Physiological events in each cell and tissue of holometabolous insects are well-orchestrated in an endocrine-dependent manner. An increase in ecdysone in the presence of JH at the end of a larval instar can force the larva to molt into the next instar larva. JH is called the “status quo hormone” because its function is to prevent metamorphosis by binding to its receptor, Met (19, 23). The JH-Met complex induces the expression of transcriptional factor Krüppel homolog 1 (Kr-h1), which suppresses the expression of BR-C, the “initiator of metamorphosis” (20, 24, 25). BR-C is considered an initiator of metamorphosis because mutations produce a phenotype with defective imaginal discs and loss of ability to undergo metamorphosis (26-29). At the beginning of last larval instar, ecdysone synthesis in prothoracic glands are inactivated. This stage-specific absence of ecdysone suppresses JH synthesis in the corpora allata (30, 31). In other words, a stage-specific decrease in JH titer is observed at the beginning of the last larval instar. As a result of the last instar-specific hormonal environment, JH-Met-mediated suppression of BR-C by Kr-h1 maintained is removed.
Expression of some ecdysone “early response genes”, such as BR-C, E75, and HR3, is regulated directly by ecdysone via the EcR receptor, identified as a member of the steroid hormone receptor family in 1991 (32). EcR can form a heterodimer with ultraspiracle protein (USP), a vertebrate retinoid X receptor, which then binds to a specific DNA sequence called the ecdysone response element (EcRE) (32, 33). Orphan nuclear receptor βFTZ-F1 is classified as an early late ecdysone response gene, first isolated from a homeotic mutant of Drosophila melanogaster (34). Expression of βFTZ-F1 is observed after the peak of ecdysone, shortly before larval or pupal molting. As a decline of ecdysone in hemolymph is necessary for normal molting, it is inferred that βFTZ-F1 is a downstream response to the decline in ecdysone in hemolymph. In the prepupal stage of D. melanogaster, induction of βFTZ-F1 enhances the expression of early ecdysone response genes, including BR-C, E74, and E75, responding to the ecdysone pulse just before pupal metamorphosis (35, 36). Premature expression of βFTZ-F1 induces ecdysis defects, while knockdown of βFTZ-F1 prevents molting by suppressing Inka cells to release ecdysis-triggering hormone, emphasizing the importance of βFTZ-F1 as a key molecule in the regulation of molting and metamorphosis (37). Expression of βFTZ-F1 is upregulated by HR3; a Drosophila HR3 (DHR3) mutant showed that DHR3 is essential for the regulation of βFTZ-F1 in the prepupal stage (38, 39). The roles of βFTZ-F1, HR3 and some other ecdysone response genes in the regulation of cuticle genes will be discussed in the next section.
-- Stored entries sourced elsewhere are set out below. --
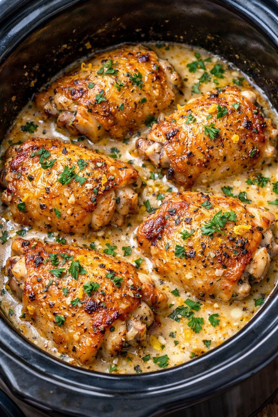 Serve the chicken thighs hot, spooning the golden herbed butter sauce from the slow cooker over the top and around the sides so it pools on the plate for dipping bread or draping over potatoes.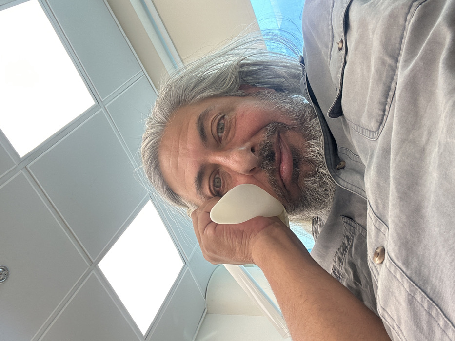 The image depicts an adult male, appearing middle-aged, with long, wavy grey hair and a full grey beard, looking directly at the camera with a subtle smile. He is wearing a light grey or blue-grey collared button-up shirt with two chest pockets. His right hand holds a white, ear-shaped object, consistent with a custom ear mold or impression, pressed against the right side of his face, covering part of his temple and cheekbone. The background indicates an indoor environment, likely a clinical or medical facility. A white drop ceiling with recessed rectangular fluorescent light panels, some illuminated, is visible, along with a circular fire sprinkler head or smoke detector in the upper left. Light-colored walls are present, with a partial view of a light blue vertical architectural element on the right and a white horizontal bar, potentially a medical apparatus, on the left. This scene is located in Netanya, Israel; however, the precise facility or address within the city cannot be determined from the visual information provided.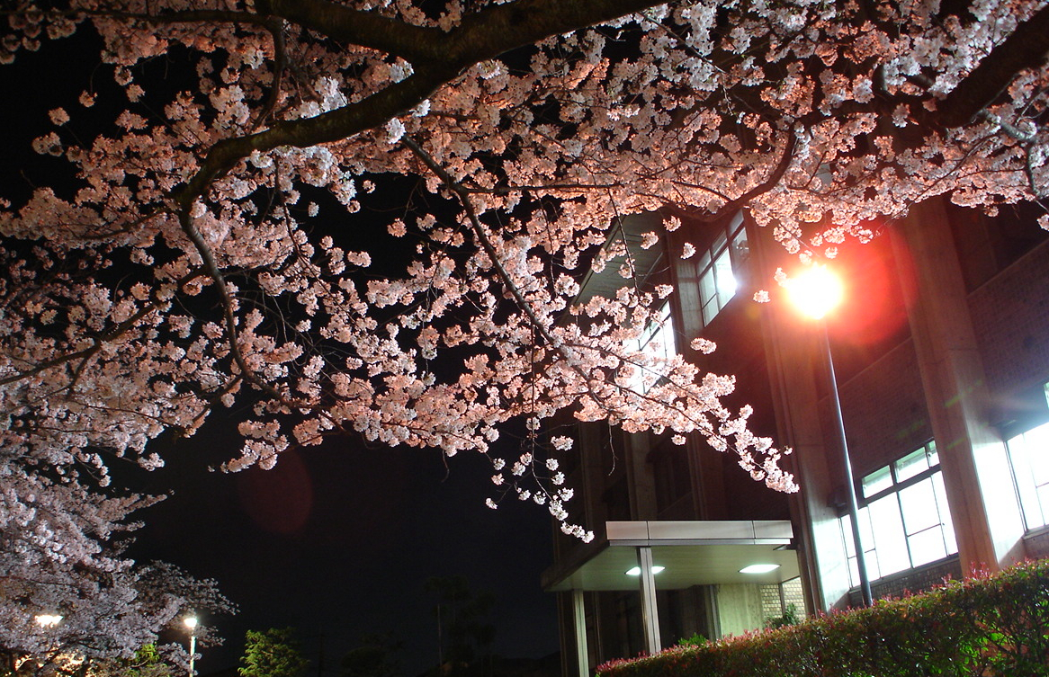 夜の啓明館(心理学専攻の実験室がある)(2007年4月5日)

Alterations in holometabolous insect cells during metamorphosis can be generally divided into three types: unnecessary cells after metamorphosis are removed (i.e., larval-specific structures undergo programmed cell death); other tissues, imaginal disc or primordial cells, form pupal or adult structures (e.g., adult appendages of B. mori or D. melanogaster, wings, antenna, and legs); and tissues undergo remodeling of their cell characteristics into pupa or adult. In the case of the Lepidopteran epidermis, parts of it change characteristics to produce the pupal cuticle. Such "actual” alterations of tissues are induced by the ecdysone peak at the end of the final larval instar, but these cells or tissues are determined to undergo metamorphosis before their “actual” alteration. The determination, called “commitment”, takes place without any change in cell appearance. In the case of Manduca sexta, the commitment of epidermal cells is induced by a small elevation in ecdysone in the absence of JH, at the beginning of the last larval instar (21, 22). Wing discs of B. mori are committed on the first day after the last larval molting, becoming competent to receive ecdysone signals and to express pupal CP genes (40).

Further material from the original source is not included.